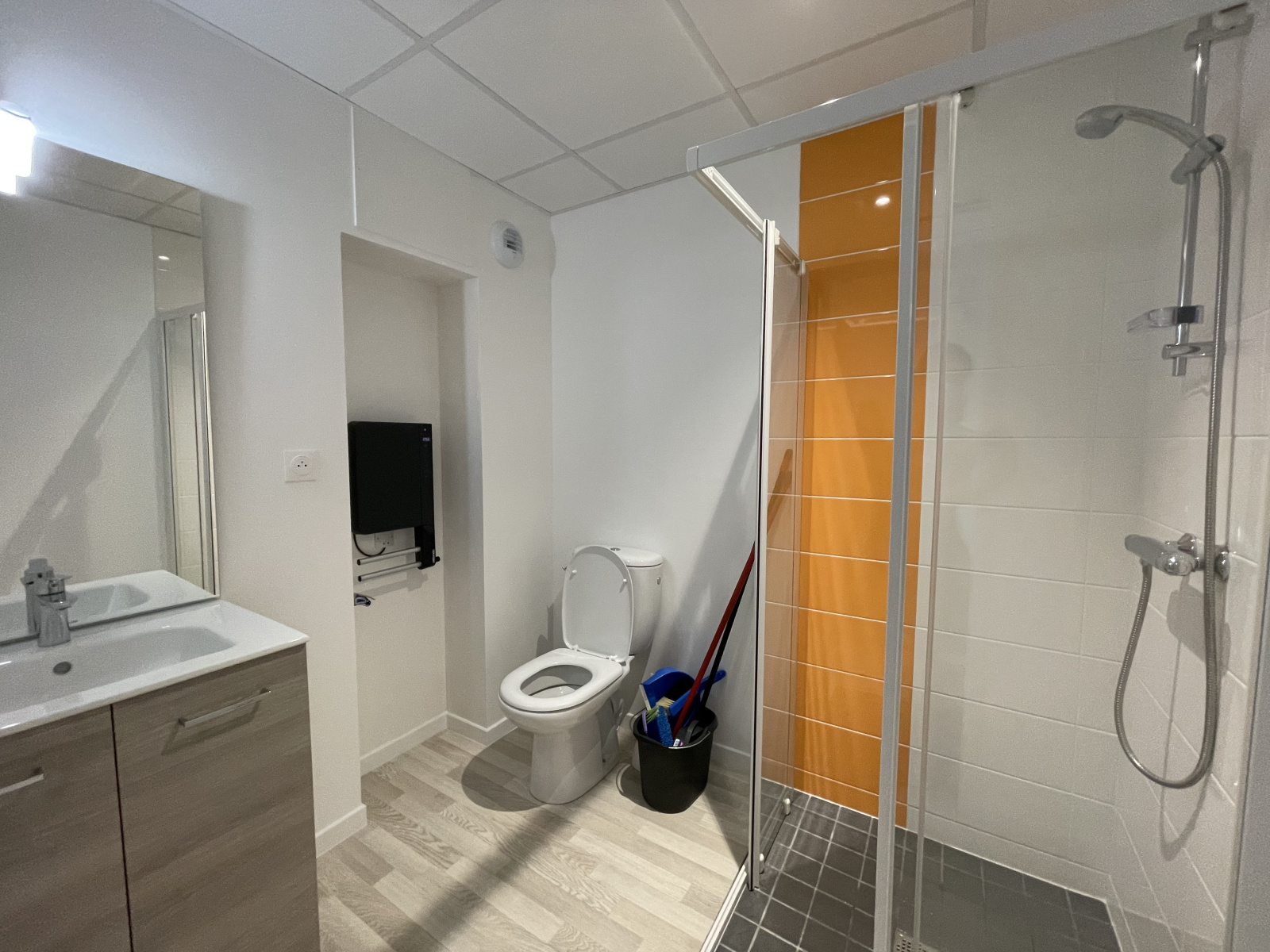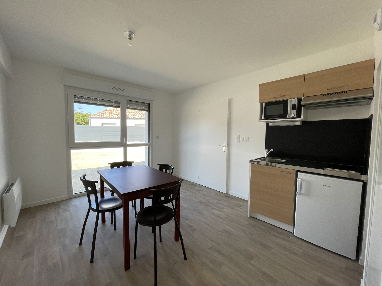 L’appartement comprend une pièce de vie avec un coin cuisine, une salle d’eau avec WC et une chambre avec placard.
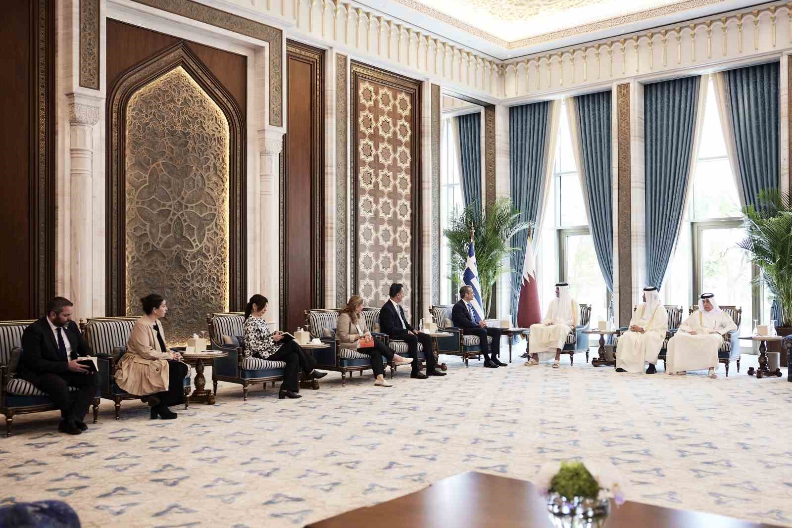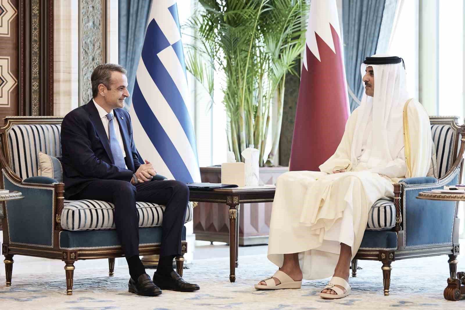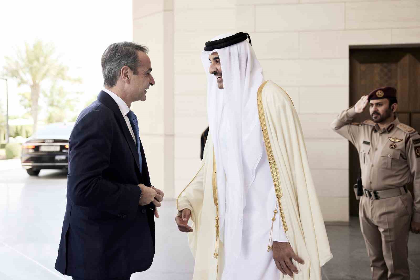 Yunanistan Başbakanı Kyriakos Miçotakis, Katar’ın başkenti Doha’da Katar Emiri Şeyh Tamim bin Hamad Al Thani ile bir araya geldi.
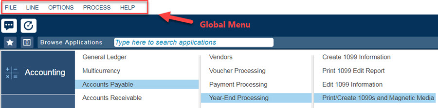 - OPTIONS: Contains options to select company data, search for data and records, navigate through records, and modify user preferences.
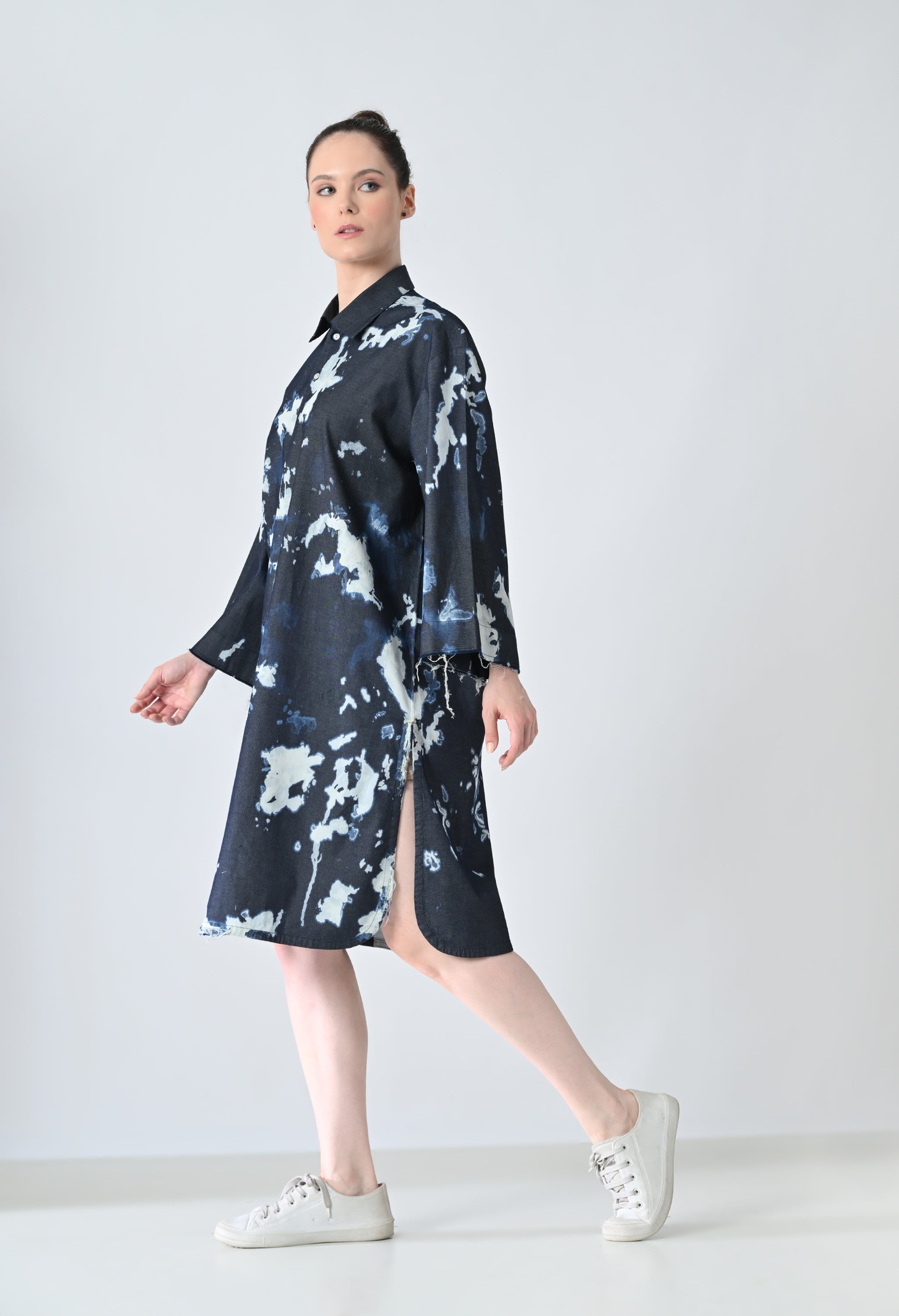 Midnight Blue Ink Abstract Printed Shirt Dress
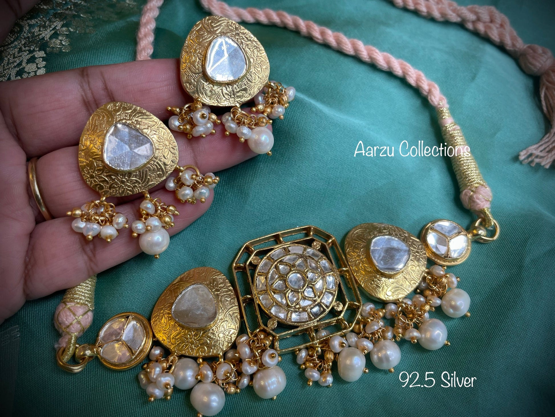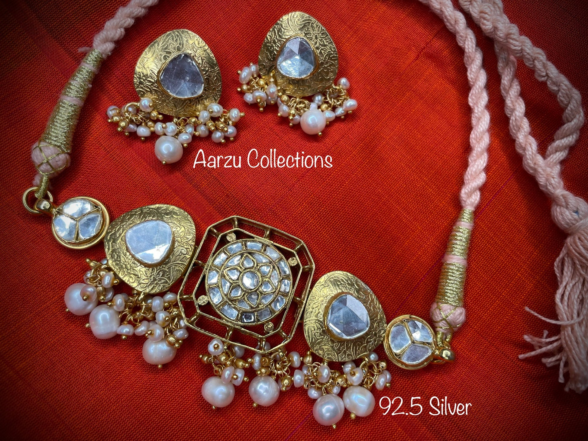 92.5 Silver designer inspired uncut kundan choker with earrings
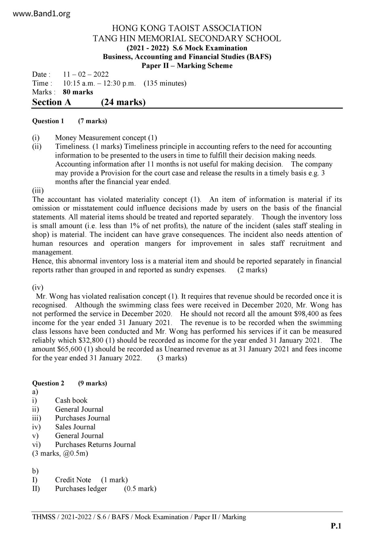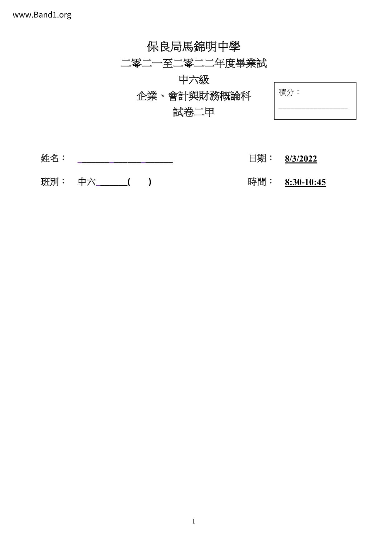 中六 會計 播道書院
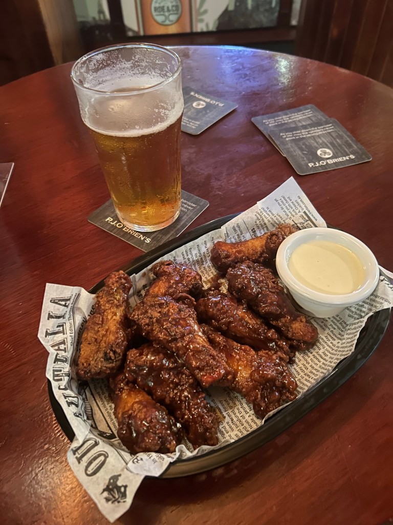 I didn’t have a place in mind but I decided to walk down by PJ O’Brien’s Irish Pub since I’d passed it so many times but had never gone in. I noticed that their special for the night was wings and a pint of Power’s, and my heart sang. I’d been craving wings for a little while and just hadn’t found any that sounded good. I went inside and ordered the wings with barbecue sauce and had my pint poured. The gentleman who took my order was Irish and, my God, the accent. I cannot wait to be surrounded by it for a solid two weeks. Power’s is brewed in Queensland and I was happy to finally try it, but I’ll tell you right now that it doesn’t have a whole lot of flavour. Refreshing as cold water on a hot summer day, just with a little bit more kick.
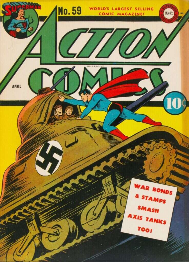 שוורץ מספר על דוגמה מרתקת נוספת מ-1940, כאשר על שער חוברת קומיקס של קפטן אמריקה נראה הגיבור מכה את היטלר. "זאת הייתה הצהרה נועזת מאוד לתקופה, כאשר רוב האמריקאים התנגדו לכניסה למלחמה נגד גרמניה. קפטן אמריקה נוצר על ידי יוצרים יהודים, והם הביעו את דעתם הנחרצת נגד הנאצים וקראו לפעולה, על אף הסיכון האישי שבכך".

-------

● Problem details
Give every record again exactly, apart from the pictures, which stay out.

● Result for this exercise
 L’appartement comprend une pièce de vie avec un coin cuisine, une salle d’eau avec WC et une chambre avec placard.
 Yunanistan Başbakanı Kyriakos Miçotakis, Katar’ın başkenti Doha’da Katar Emiri Şeyh Tamim bin Hamad Al Thani ile bir araya geldi.
 - OPTIONS: Contains options to select company data, search for data and records, navigate through records, and modify user preferences.
 Midnight Blue Ink Abstract Printed Shirt Dress
 92.5 Silver designer inspired uncut kundan choker with earrings
 中六 會計 播道書院
 I didn’t have a place in mind but I decided to walk down by PJ O’Brien’s Irish Pub since I’d passed it so many times but had never gone in. I noticed that their special for the night was wings and a pint of Power’s, and my heart sang. I’d been craving wings for a little while and just hadn’t found any that sounded good. I went inside and ordered the wings with barbecue sauce and had my pint poured. The gentleman who took my order was Irish and, my God, the accent. I cannot wait to be surrounded by it for a solid two weeks. Power’s is brewed in Queensland and I was happy to finally try it, but I’ll tell you right now that it doesn’t have a whole lot of flavour. Refreshing as cold water on a hot summer day, just with a little bit more kick.
 שוורץ מספר על דוגמה מרתקת נוספת מ-1940, כאשר על שער חוברת קומיקס של קפטן אמריקה נראה הגיבור מכה את היטלר. "זאת הייתה הצהרה נועזת מאוד לתקופה, כאשר רוב האמריקאים התנגדו לכניסה למלחמה נגד גרמניה. קפטן אמריקה נוצר על ידי יוצרים יהודים, והם הביעו את דעתם הנחרצת נגד הנאצים וקראו לפעולה, על אף הסיכון האישי שבכך".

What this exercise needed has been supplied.